2. Ma W, Zhang G, Ren J, Pan Q, Wen D, Zhong J, Zhang Z, Huan Y. Quantitative parameters of intravoxel incoherent motion diffusion weighted imaging (IVIM-DWI): potential application in predicting pathological grades of pancreatic ductal adenocarcinoma. Quant Imaging Med Surg. 2018 Apr;8(3):301-310. doi: 10.21037/qims.2018.04.08. PMID: 29774183; PMCID: PMC5941211.

3. Federau, C., Sumer, S., Becce, F., Maeder, P., O’Brien, K., Meuli, R., & Wintermark, M. (2014). Intravoxel incoherent motion perfusion imaging in acute stroke: initial clinical experience. Neuroradiology, 56(8), 629-635.

4. Cho, G. Y., Moy, L., Zhang, J. L., Baete, S., Lattanzi, R., Moccaldi, M., ... & Sigmund, E. E. (2015). Comparison of fitting methods and b‐value sampling strategies for intravoxel incoherent motion in breast cancer. Magnetic resonance in medicine, 74(4), 1077-1085.

5. Togao, O., Hiwatashi, A., Yamashita, K., Kikuchi, K., Mizoguchi, M., Yoshimoto, K., ... & Honda, H. (2015). Differentiation of high-grade and low-grade diffuse gliomas by intravoxel incoherent motion MR imaging. Neuro-oncology, 18(1), 132-141.

6. Andreou, A., Koh, D. M., Collins, D. J., Blackledge, M., Wallace, T., Leach, M. O., & Orton, M. R. (2013). Measurement reproducibility of perfusion fraction and pseudodiffusion coefficient derived by intravoxel incoherent motion diffusion-weighted MR imaging in normal liver and metastases. European radiology, 23(2), 428-434.
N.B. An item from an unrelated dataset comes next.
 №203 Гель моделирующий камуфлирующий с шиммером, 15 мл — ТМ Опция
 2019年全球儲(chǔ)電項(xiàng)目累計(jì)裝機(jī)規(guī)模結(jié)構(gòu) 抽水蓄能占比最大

7. Jerome, N. P., d’Arcy, J. A., Feiweier, T., Koh, D. M., Leach, M. O., Collins, D. J., & Orton, M. R. (2016). Extended T2-IVIM model for correction of TE dependence of pseudo-diffusion volume fraction in clinical diffusion-weighted magnetic resonance imaging. Physics in medicine and biology, 61(24), N667.

8. Qu, F., Hor, P. H., Fischer, J., & Muthupillai, R. (2018). Tissue characterization of uterine fibroids with an intravoxel incoherent motion model: The need for T2 correction. Journal of Magnetic Resonance Imaging, 48(4), 994-1001.
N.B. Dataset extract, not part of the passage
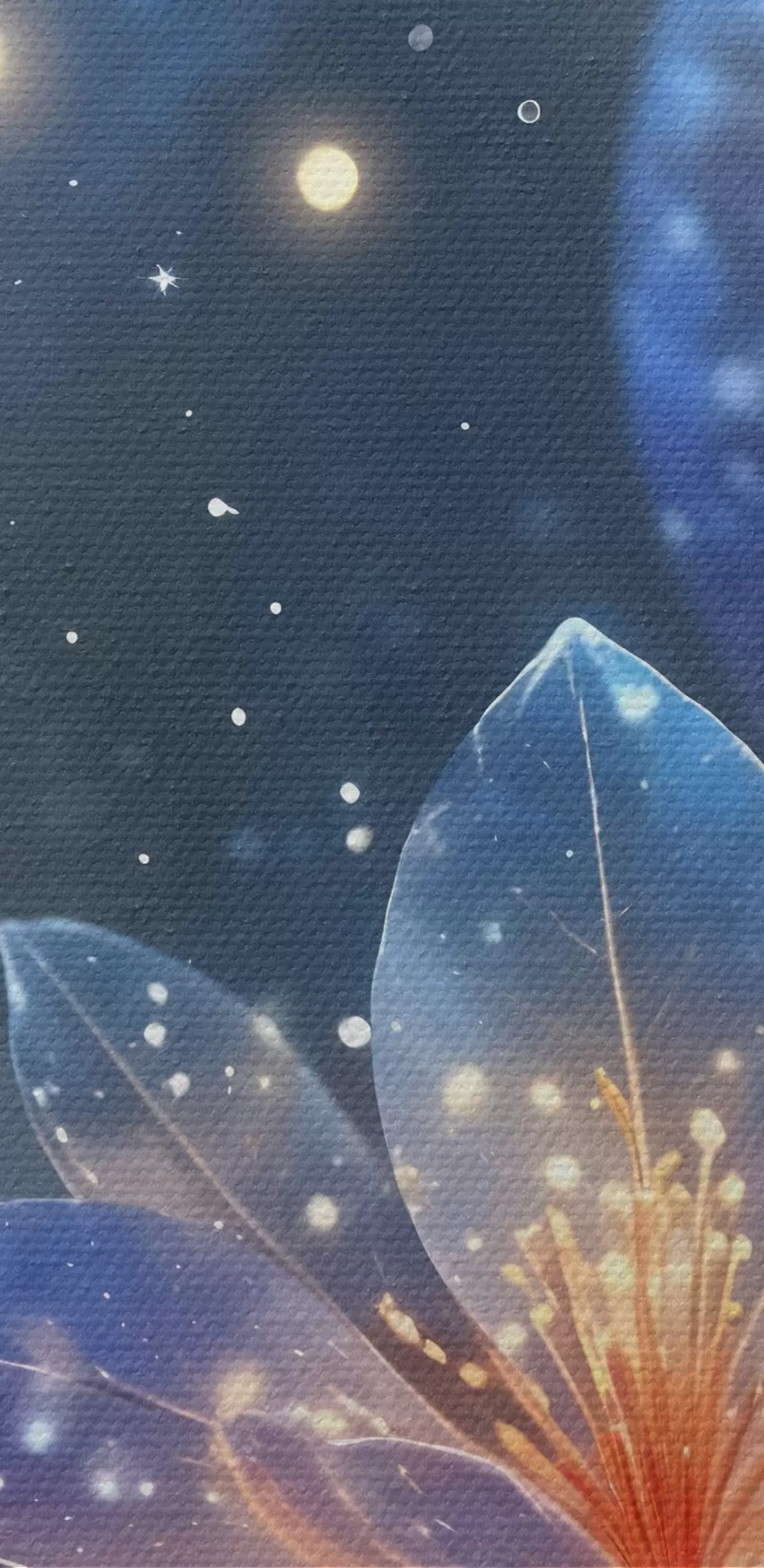 Obrázek Abstraktní fantasy květiny na větvích s texturovanými okvětními lístky s hvězdami a měsícem na pozadí noční oblohy Nr r42211

9. Buko, E., Zhang, J., Ajala, A., Hor, P.H, & Muthupillai, R. (2018). An Analytical Segmented (AS) Approach for Extracting IntraVoxel Incoherent Motion (IVIM) Model Parameters. Joint annual meeting ISMRM-ESMRMB 2018 p. 5361

Figures

Figure 1:Algorithmic steps used to extract IVIM parameters from diffusion weighted MR imaging per IVIM model as described by Equations 5 and 1 (with and without taking T2 difference between the two compartments into account respectively) using various approaches. Sm is the measured MR signal at b = 0 and TE=0 , Dt and Df are diffusivities of the tissue and perfusion compartments respectively , T2t and T2f are their respective T2 values, s0 is signal at b=0 and TE>0 and f is the perfusion fraction.
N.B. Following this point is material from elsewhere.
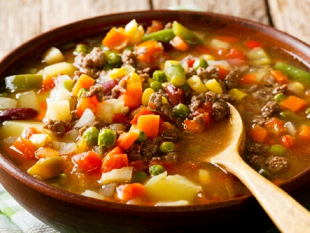 Пикантна зеленчукова телешка супа с телешка кайма, тиква и зелен фасулДобавете зеленият фасул и грах....Гответе няколко минути, след което добавете телешката кайма. |

Figure 2: Mean and STD of the estimated f from simulated data at V of 0.7368 mm/s using four methods (S, OS, AS and AS-T2) at different SNR levels a) 20 and b) 50 . ffow is the true value of f.

Figure 3 : a) Estimated f as a function of TE at a flow rate of 80 mL/min (V = 0.7368 mm/s) using four methods (S, OS, AS and AS-T2). b) Percentage change in the estimated f across TE considered here with TE of 60 ms as the reference. fflow is the product of f measured from pure fluid in the flow compartment scaled by the input perfusion fraction (0.25).